Torah Thoughts – Yitro – Exodus.18.1-20.23 – “The Streets of Minneapolis are Crying”

The Torah portion this week, Yitro, begins with Moses’ father-in-law arriving in the Israelite camp in response to something he heard.  As the first verse states: “​When Jethro, the priest of Midian, Moses’ father-in-law, heard of all that God had done for Moses, and for Israel his people, and that the Lord had brought Israel out of Egypt” (Exodus 18:1). Our Thursday night Talmud study recently looked at Zevachim 116b where the rabbis debate the question of exactly what Jethro heard.  Rabbi Yehoshua suggests it must have been the way with Amalek, our people’s first aggressor after leaving Egypt.  Rabbi Elazar HaModa’i suggests it was the giving of the Torah.  And Rabbi Eliezer says that it was the sound of the Crossing of the Sea.
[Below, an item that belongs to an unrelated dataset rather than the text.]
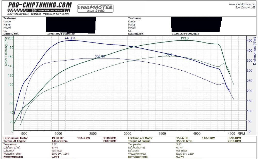- Abstimmung Motorsoftware auf dem Prüfstand (194PS / 446Nm)

All great suggestions.  The sound had to be something so loud it reached beyond our encampment into the larger world beyond.
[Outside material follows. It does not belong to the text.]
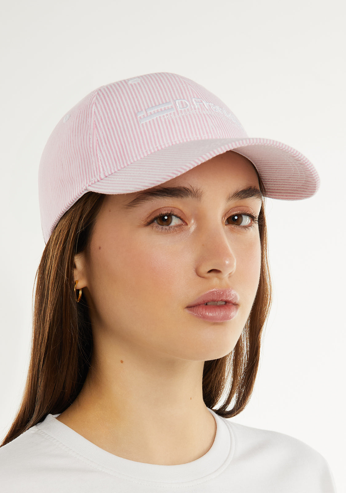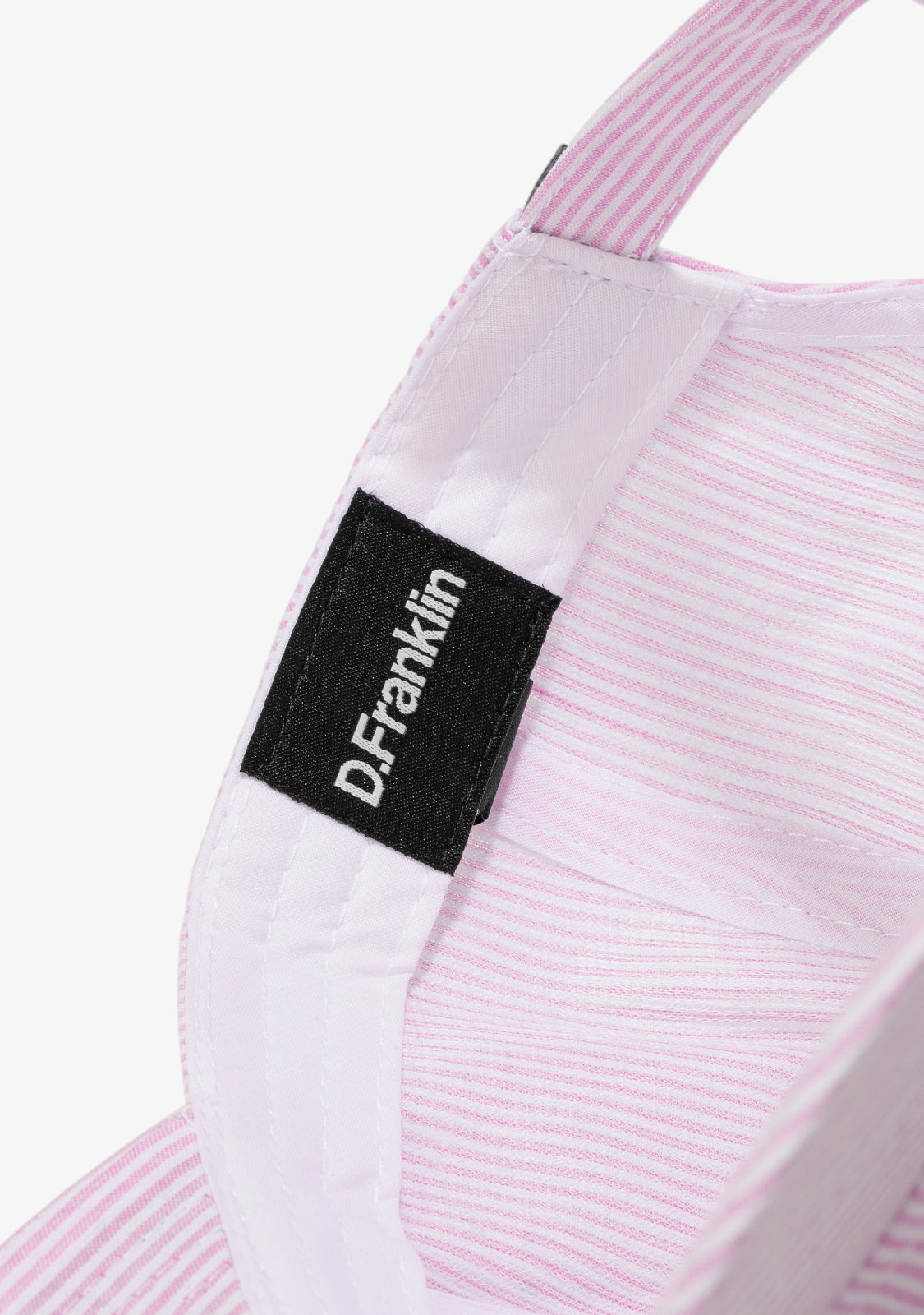 D.Franklin pink and white striped cap with stitching detail in the same color. Inspired by the Old Money trend.

In our own lives, we have all experienced things from far away that wake us up and force us to take notice.  The recent fortieth anniversary of the Space Shuttle Challenger explosion was a reminder of just such an event.  I remember being in tears as a fifth grader after seeing what happened.  The October 7th attack and 9/11 are others.  On May 14, 2022, our own community was the victim of such a seismic event, just as we were on the crash of flight 3407 seventeen years ago next week, where we lost our beloved Cantor Susan Wehle.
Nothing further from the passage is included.